» Exercise requirements
Reproduce from the records below, with no pictures, exactly the lines between the one containing "GIOIO日本进口品质复古潮流小皮包男欧美个性男女单肩斜挎小背包圆筒型 黑色" and the one containing "Станок оснащен одним", inclusive.

» Supplied entries
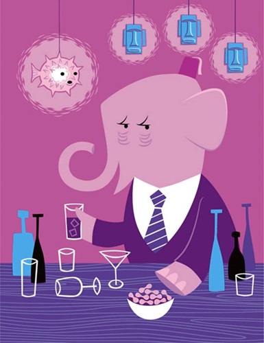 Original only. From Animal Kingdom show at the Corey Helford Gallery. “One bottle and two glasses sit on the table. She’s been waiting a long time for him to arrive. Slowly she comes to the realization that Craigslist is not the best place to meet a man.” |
--
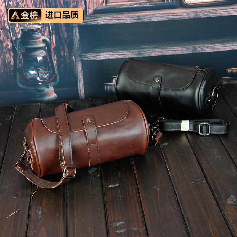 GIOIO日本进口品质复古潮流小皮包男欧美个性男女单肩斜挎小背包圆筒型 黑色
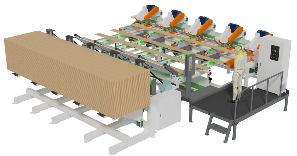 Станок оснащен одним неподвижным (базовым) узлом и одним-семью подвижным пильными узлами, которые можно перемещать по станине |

» Output of the task
 GIOIO日本进口品质复古潮流小皮包男欧美个性男女单肩斜挎小背包圆筒型 黑色
 Станок оснащен одним неподвижным (базовым) узлом и одним-семью подвижным пильными узлами, которые можно перемещать по станине |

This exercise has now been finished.